== Segment start ==
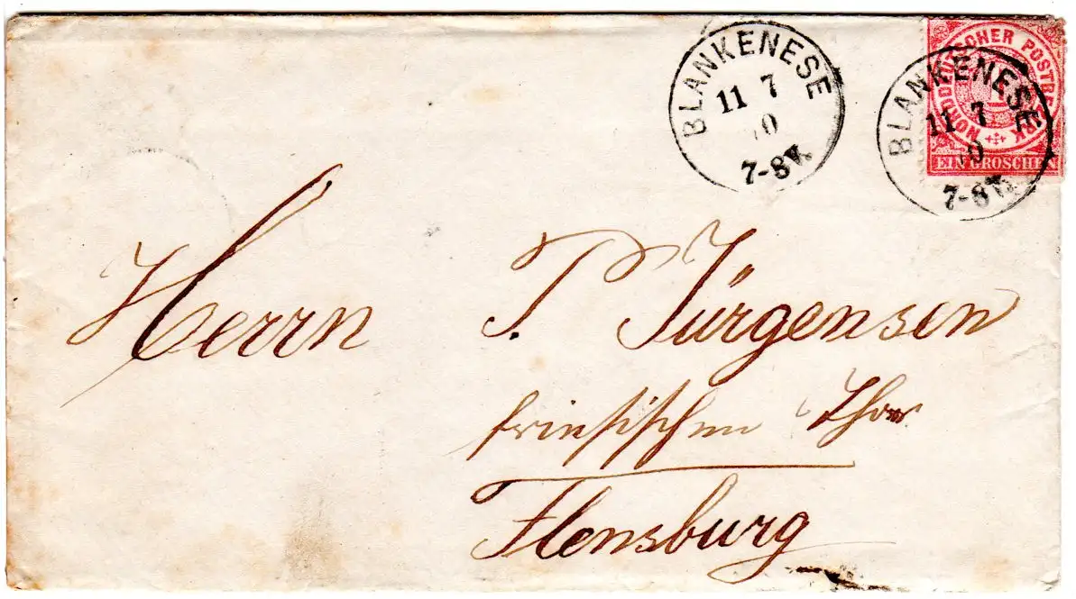 NDP, K1 Blankenese klar auf Brief m. 1 NGr. n. Flensburg
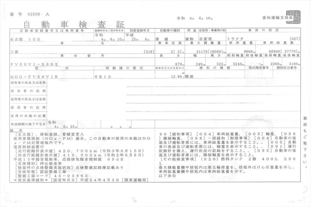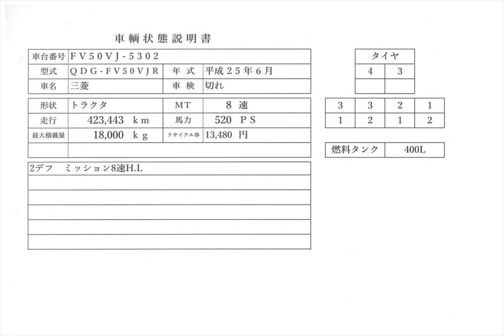| コメント | 三菱ふそう 平成25年式 走行42万㎞ 2デフ 正常確認 第五輪18t 切れ車検令和4年6月25日ナンバー付 ミッション8速HL 正常確認 520Psエンジン 正常確認 価格のお問い合わせ052-821-1557名輸自動車(ナカヤ)までお電話お待ちしてます。 |
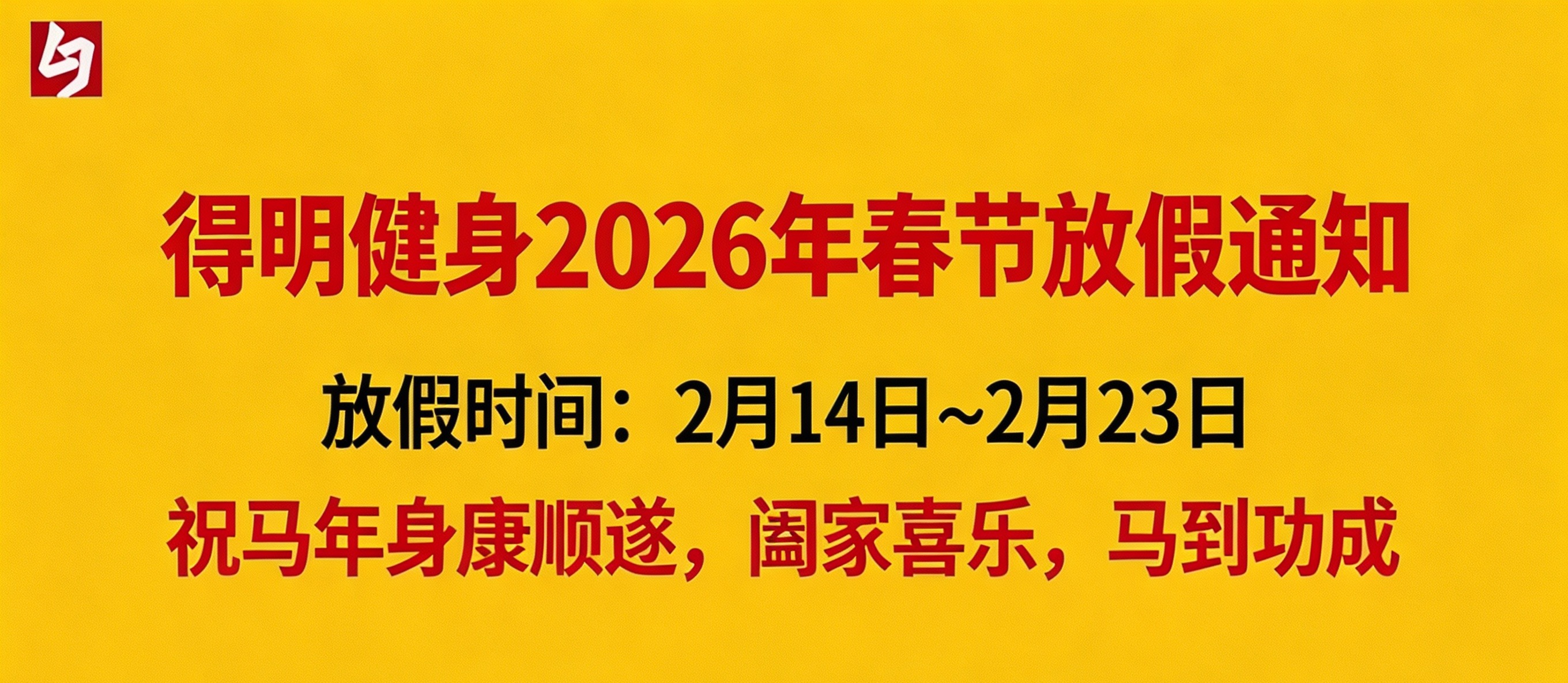 ![]() 原图 下载 各位健身伙伴,2026马年新春快乐! 放假时间:2月14日(腊月二十七)—2月23日(正月初七),2月24日(正月初八)起恢复正常。 放假期间线下活动暂停,线上咨询可联系各组组长,建议保持居家锻炼,延续健康状态~ 祝大家马年身康顺遂,阖家喜乐,马到功成! 得明健身 2026.2.11 查看得明学习引导>>
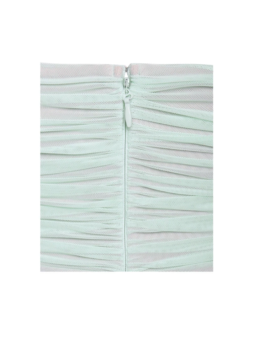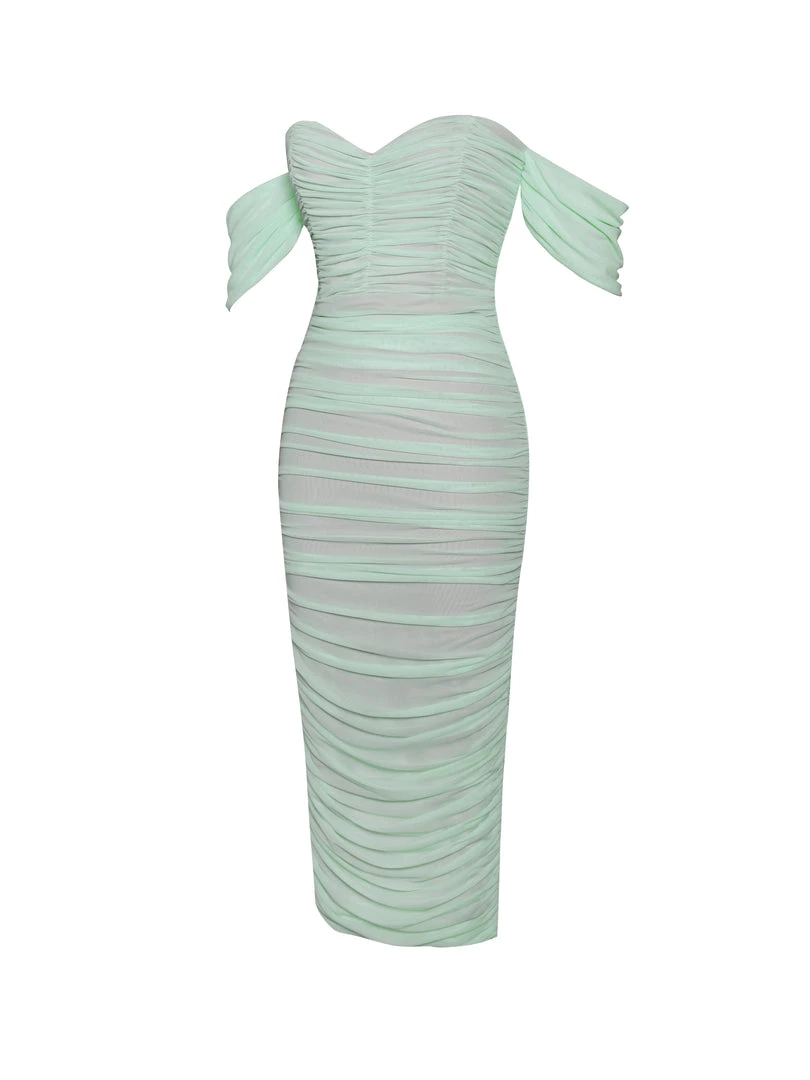 Flattering to the perfect hourglass shape. The very sex Quenby was created from our stretch sheer crepe fabric. This design is fully lined under the mint-colored ruching creating a see-through illusion. With a slit in the back and elegant draping sleeves, Quenby was designed to make you feel sexy and confident.
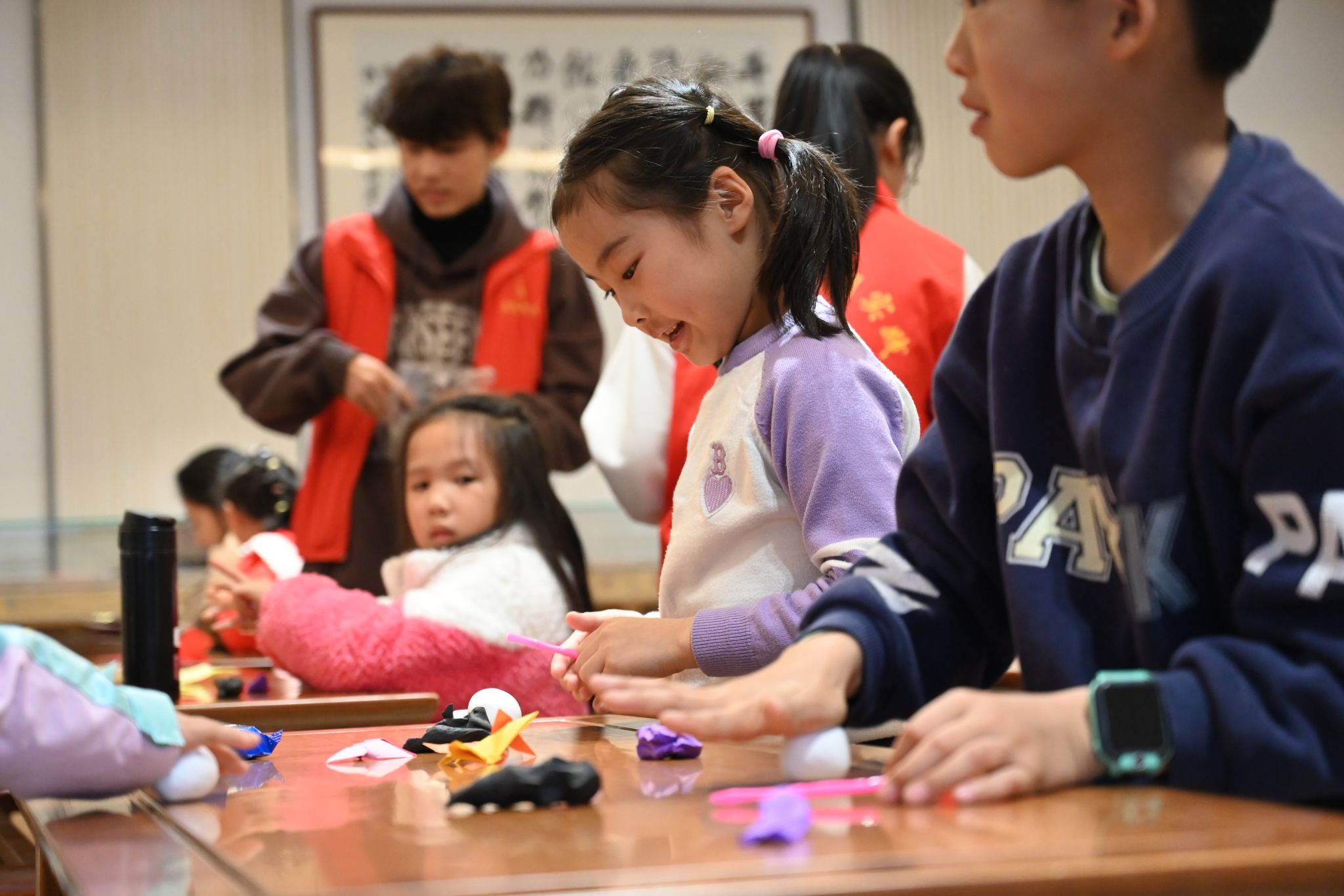 活动开始前,志愿者们协助现场人员进行签到,并维持现场活动秩序,为后续课堂开展营造良好氛围。彭雅智讲述主题故事——《吴刚伐桂》,讲解过程中,她抛出多个问题引导小朋友们思考,并采取零食奖励机制鼓励小朋友们积极发言,并设置了手工互动环节调动故事会的氛围。在志愿者们的带领下,一张张普普通通的彩纸经过小朋友们折、叠、翻等简单操作后,变幻出不同形状,极大锻炼了小朋友们的动手能力。志愿者将粘土材料分发给小朋友们后,细心地讲述粘土创作的步骤和注意事项,并引导小朋友们仔细观察兔子粘土的身体结构和颜色搭配,鼓励小朋友发挥想象力去动手创作属于自己的兔子。
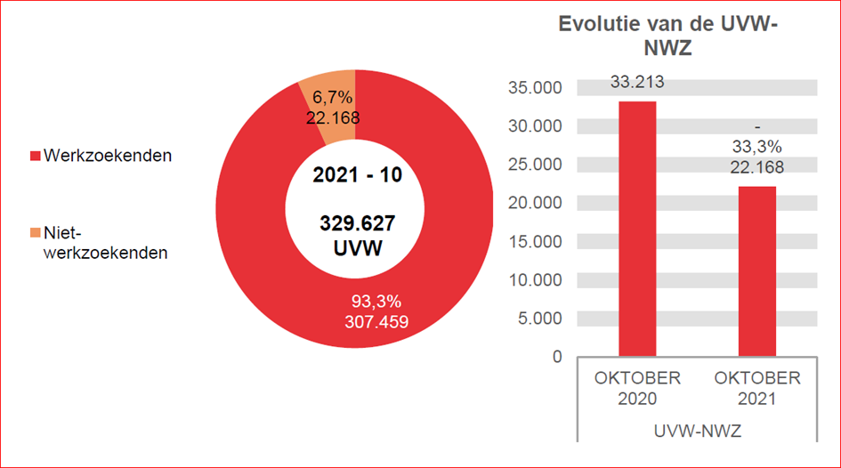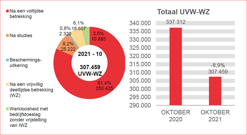 In oktober 2021 hebben 307.459 werkzoekende uitkeringsgerechtigde volledig werklozen een uitkering ontvangen, d.i. 29.853 minder dan in oktober 2020 (-8,9%). Die 307.459 uitkeringsgerechtigden worden als volgt verdeeld: 275.647 werkzoekende uitkeringsgerechtigde volledig werklozen toegelaten op basis van voltijdse arbeidsprestaties of toegelaten op basis van studies, 18.607 werkzoekende uitkeringsgerechtigde volledig werklozen toegelaten op basis van vrijwillig deeltijdse arbeid, 10.885 werkzoekende uitkeringsgerechtigde volledig werklozen met bedrijfstoeslag en 2.320 beschermingsuitkeringen (nieuw stelsel vanaf oktober 2020).
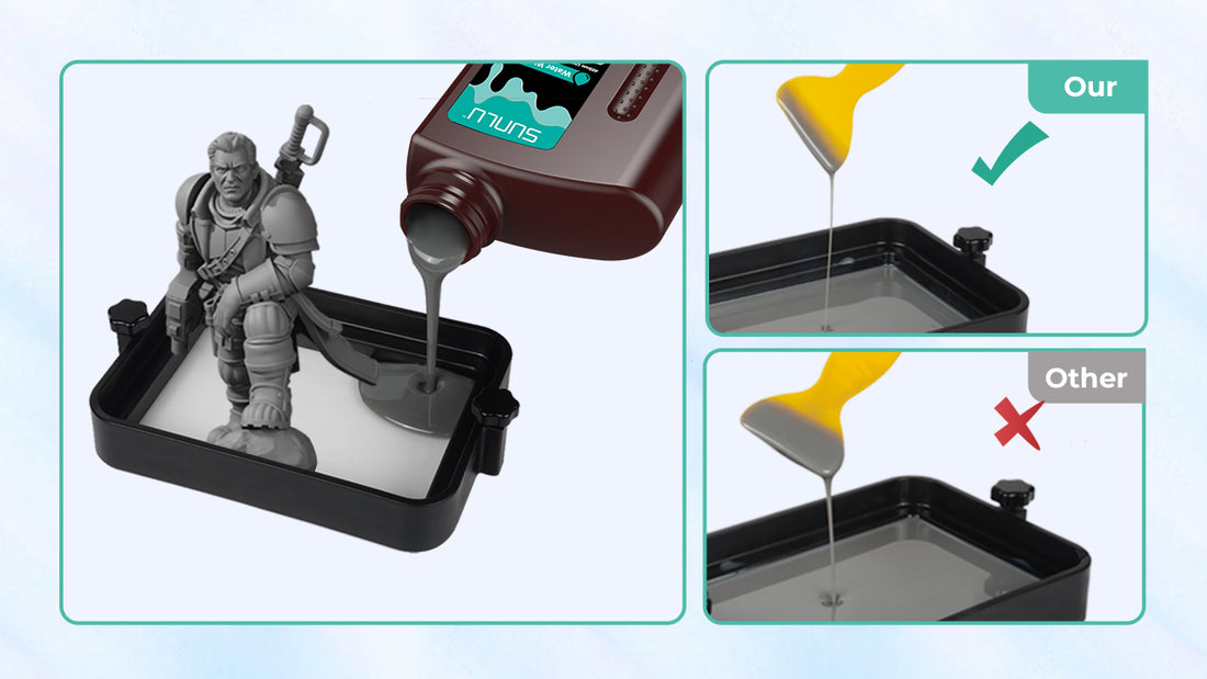 Fast Curing and Excellent FluiditySUNLU water washable resin has low viscosity and excellent fluidity.
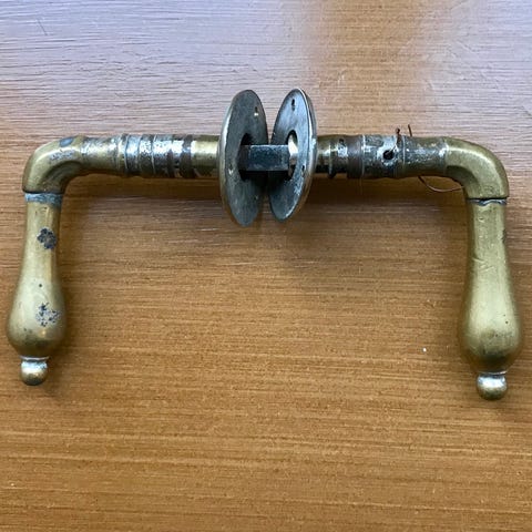 3 st antika dörrhandtag i mässing
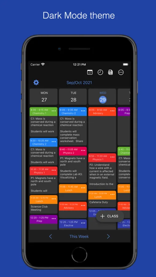 • View lessons for the day, the week, or by a class
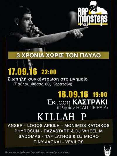 Η οικογένεια και οι φίλοι του Παύλου Φύσσα με δελτίο τύπου που εξέδωσαν στα social media, καλούν τον κόσμο σε σιωπηλή συγκέντρωση, το βράδυ της 17ης Σεπτέμβρη, στο σημείο της δολοφονίας του μουσικού (Ώρα 22:00, στην οδό Παύλου Φύσσα 60, στο Κερατσίνι), και την επομένη, στο Rap Monsters Festival, μια διοργάνωση που ξεκίνησε ο Παύλος και συνεχίζουν οι φίλοι του, με σκοπό την συσπείρωση και ενεργοποίηση της νεολαίας για θέματα αλληλεγγύης (Ώρα 19:00, στην έκταση «Καστράκι» - πλησίον ΗΣΑΠ Πειραιά, έναντι πύλης Ε2).
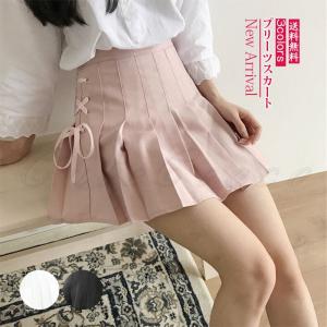 スカート プリーツスカート サイトリボン付き 可愛い ミニスカート 無地 シンプル 通学 レディース おしゃれ 送料無料
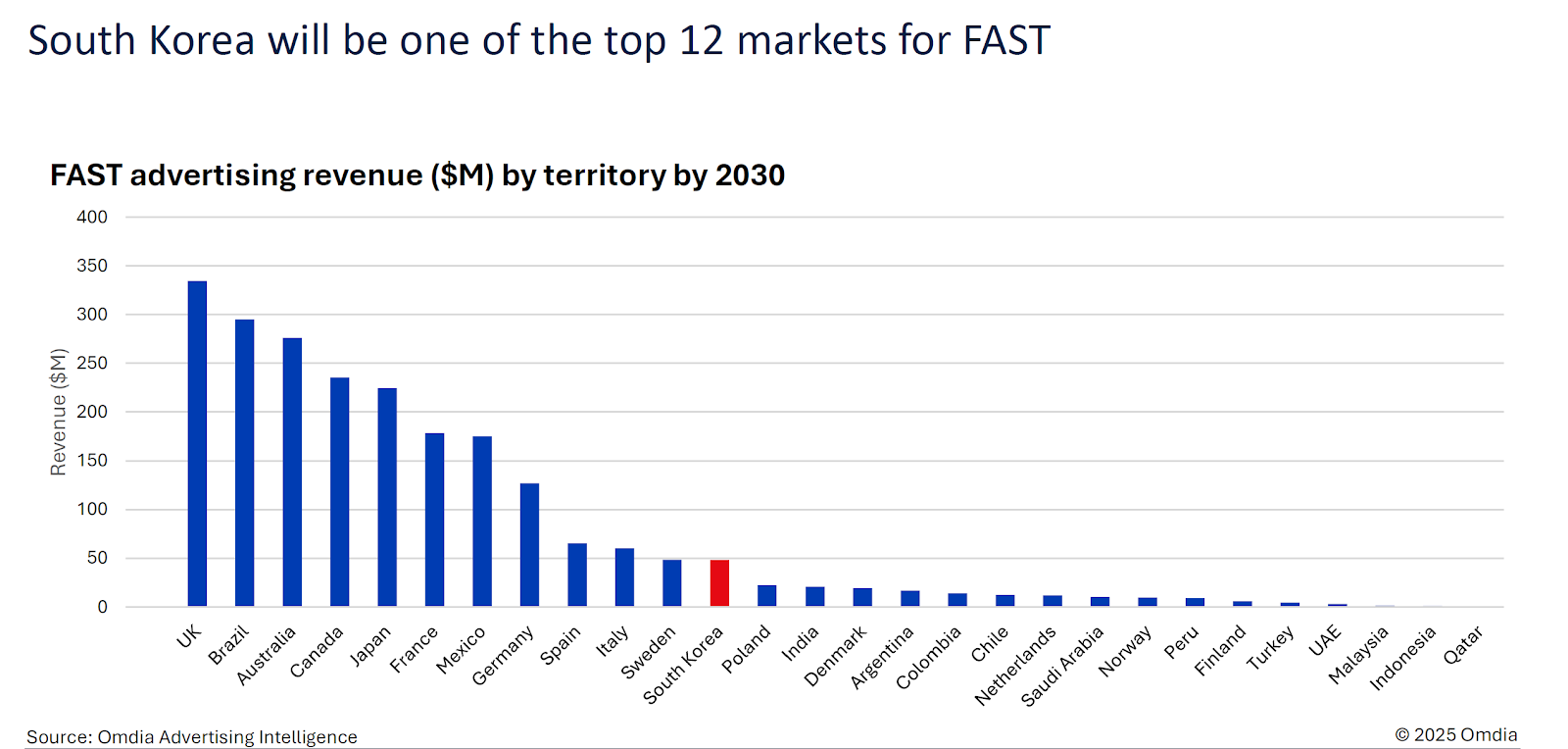 Omdia indicates that while leading markets like the UK, Brazil, Australia, Canada, Japan, and France will dominate FAST advertising revenue in 2030, South Korea is projected to achieve significant revenue within the mid-tier group alongside Italy and Sweden.
== Segment end ==
# Directions for this task:
Copy out exactly the lines from the one with "Fast Curing and" through the end of the listing, both ends included, omitting any picture.

# Result for this exercise:
 Fast Curing and Excellent FluiditySUNLU water washable resin has low viscosity and excellent fluidity.
 3 st antika dörrhandtag i mässing
 • View lessons for the day, the week, or by a class
 Η οικογένεια και οι φίλοι του Παύλου Φύσσα με δελτίο τύπου που εξέδωσαν στα social media, καλούν τον κόσμο σε σιωπηλή συγκέντρωση, το βράδυ της 17ης Σεπτέμβρη, στο σημείο της δολοφονίας του μουσικού (Ώρα 22:00, στην οδό Παύλου Φύσσα 60, στο Κερατσίνι), και την επομένη, στο Rap Monsters Festival, μια διοργάνωση που ξεκίνησε ο Παύλος και συνεχίζουν οι φίλοι του, με σκοπό την συσπείρωση και ενεργοποίηση της νεολαίας για θέματα αλληλεγγύης (Ώρα 19:00, στην έκταση «Καστράκι» - πλησίον ΗΣΑΠ Πειραιά, έναντι πύλης Ε2).
 スカート プリーツスカート サイトリボン付き 可愛い ミニスカート 無地 シンプル 通学 レディース おしゃれ 送料無料
 Omdia indicates that while leading markets like the UK, Brazil, Australia, Canada, Japan, and France will dominate FAST advertising revenue in 2030, South Korea is projected to achieve significant revenue within the mid-tier group alongside Italy and Sweden.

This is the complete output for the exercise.